I have two bathrooms that have been completed in the last year. Both have the same Price Pfister rough-in valve. One is sticky and requires a bit of force to turn on the water (turns on by pulling). It actually has gotten worse over time. The other turns on with a gentle pull of handle. The plumber that installed the sticky one may have pulled out the cartridge and messed it up (rationale: because he messed up other things). I'm wondering if this sounds like something I might be able to fix or should I get a new cartridge? The valve in question is a Pfister 0X9 Brass Single Control.

  • 1
    I'd get a new one. One can sometimes fix leaks, but not rough operation. It was more likely defective from the start than someone damaging it in such a way it affected smooth operation.
    – bcworkz
    Commented Jun 12, 2013 at 23:57
  • I finally got around to this. When I removed the cartridge one of the rubber o-ring seals popped off, so I'm fairly certain the o-ring was causing the friction, not being set properly. I did add some teflon grease to the contact points and now it's amazing how smooth it turns on. The grease was probably not necessary and I hope it won't degrade the o-rings over time.
    – Andrew
    Commented Jun 30, 2013 at 21:19
  • Misplaced O-ring? I guess I underestimated the ineptitude of some "plumbers". Glad it was an easy fix and you ignored my suggestion :)
    – bcworkz
    Commented Jul 1, 2013 at 1:54
  • Yeah, this handyman (recommended by realtor) turned the water back on before finishing sweating the pipes. It soaked the area pretty good for about 20 seconds. Fortunately it drained down the chase to the basement furnace room, so no damage, but I was not pleased. Good suggestion nonetheless!
    – Andrew
    Commented Jul 6, 2013 at 14:21

2 Answers 2


I would try removing the cartridge and reinstalling it with a small amount of white lithium grease on the stem that connects to the handle. Work the grease in gently with your finger. If that doesn't free it up it was bad manufacturing which happens more often than one might think


I have sanded out a few valves before. You would simply remove the cartridge and "sand" the inside of the valve housing. The sanding needs to be even, so try to work in a circular fashion. Just sanding out 1/500th of an inch might get rid of your stickiness. There is some grunt work in this and it takes about 20 mins per valve but has worked on everything I have had issues with. I have had people suggest plumber's grease too. I could never find any and sanding is cheap and non-invasive so I have gone that route.

I would initially treat a sticky valve the same way as a sticky door. You could even sand the cartridge but these usually have ribs in them and I don't know if I would trust myself doing this evenly. However a person with more artistic talent could certainly go this route given that it is faster.

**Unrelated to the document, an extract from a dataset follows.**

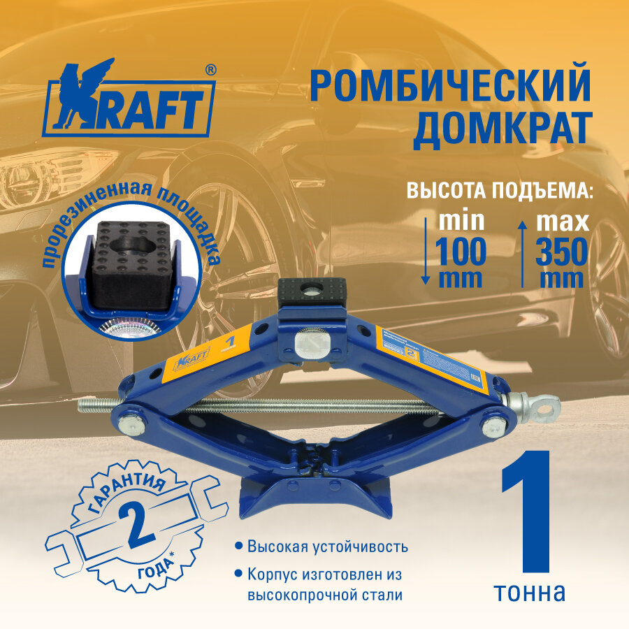 KRAFT KT800023 домкрат ромбический универсальный (1 т) kraft (мин 100мм-мак 350мм) (tool)
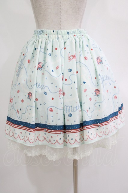 axes femme / シェルプリントスカート M サックス H-25-11-01-037-AX-SK-NS-ZH

  • Are there any special tools required to remove the cartridge? Hopefully it's a problem with the cartridge since that can be replaced. I don't think I want to try sanding just yet but will keep in mind.
    – Andrew
    Commented Jun 19, 2013 at 18:41
  • Just pliers and a screwdriver usually. The cartridge itself will have a lot of parts that make it up. Make sure if you are taking apart the cartridge to take pictures on each step. I would really suggest sanding the valve, because your replacement cartridge might end up being the same thing you put in there.